Interview: Westfield says too few advisers advising in sector

clock • 6 min read

Westfield Health's Paul Shires talks to Paul Robertson and makes the case for more adviser engagement with the health products market.

In recent years, Westfield Health, primarily known as a cash plan provider, has made efforts to move its market on, either through innovation or evolution. For example, in 2012 it introduced its hospital treatment insurance (HTI), which pays for a limited number of operations and sits between the cash plan and private medical insurance (PMI) markets.

But regardless of product saleability and the cash plan market booming, albeit in the employer-paid market, there is still only a select group of IFAs and general advisers involved in their sale. This clearly bothers Paul Shires, Westfield's executive director of sales and marketing.

"The cash plan market is booming and it is pure Pareto's rule - probably 80% of our business is coming from about 20% of the intermediaries and brokers who actually have agencies with us. So we are keen to encourage more and more intermediaries to really see the value of health insurance products.

"I think some intermediaries who do not traditionally sell health insurance perhaps assume straightaway that all health insurance is akin to private medical insurance, which can become quite complex''.

Carving out niche

In essence Westfield is a little perturbed that the adviser market does not, as a result, promote health cash plans and the wider health insurance proposition, arguing (not without foundation) that it really is straightforward.

But what of HTI? Is it a new branch of the market where you have PMI, cash plans, and sitting between them, HTI; or is it as a bridge between the two? When Westfield set out to create HTI, it was not to fill the gap or even to bridge it. The company simply saw a need for this sort of product, without an ulterior motive.

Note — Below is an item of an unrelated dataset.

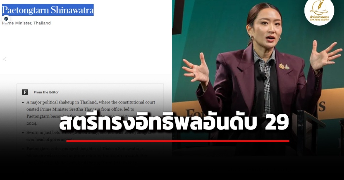 สำนักข่าวอิศรา (www.isranews.org) รายงานข่าวเกี่ยวกับกรณีที่นิตยสารฟอร์บส์ได้จัดอันดับ น.ส.แพทองธาร ชินวัตร นายกรัฐมนตรี ให้ติดอันดับที่ 29 จาก 100 สตรีผู้ทรงอิทธิพลประจำปี 2567 ว่าบรรณาธิการฟอร์บส์ได้กล่าวถึง น.ส.แพทองธารว่าในช่วงเดือน ส.ค.ที่ผ่านมา ศาลรัฐธรรมนูญได้มีคำพิพากษาให้นายเศรษฐา ทวีสิน พ้นจากตำแหน่งนายกรัฐมนตรี และเปิดประตูให้ น.ส.แพทองธารเป็นนายกรัฐมนตรีคนที่ 31 ถวายสัตย์เข้ารับตำแหน่งเพียงไม่กี่วันก่อนจะถึงวันเกิดปีที่ 38 ของ น.ส.แพทองธาร จึงทำให้เธอได้กลายเป็นหัวหน้ารัฐบาลที่อายุน้อยที่สุดและเป็นสตรีผู้ทรงอิทธิผลอันดับที่ 29

Shires says: "Often in a marketplace, there is a reason for a gap and that is because a provider cannot provide the value a customer wants in that space. So we did not just try and plug something into that space.

"We went out and spoke to our customers; spoke to intermediaries; what they are fearful of; what they want; what our customers' employees need; and so on.

"With a changing NHS and a changing health care environment, we soon realised that a product that picked up where the cash plan left off - to pay for inpatient treatment or elective surgery - that was the gap we needed to fill with hospital treatment insurance. It so happens that yes, it does in some way bridge the gap between health cash plans and PMI. But that was not the ultimate aim."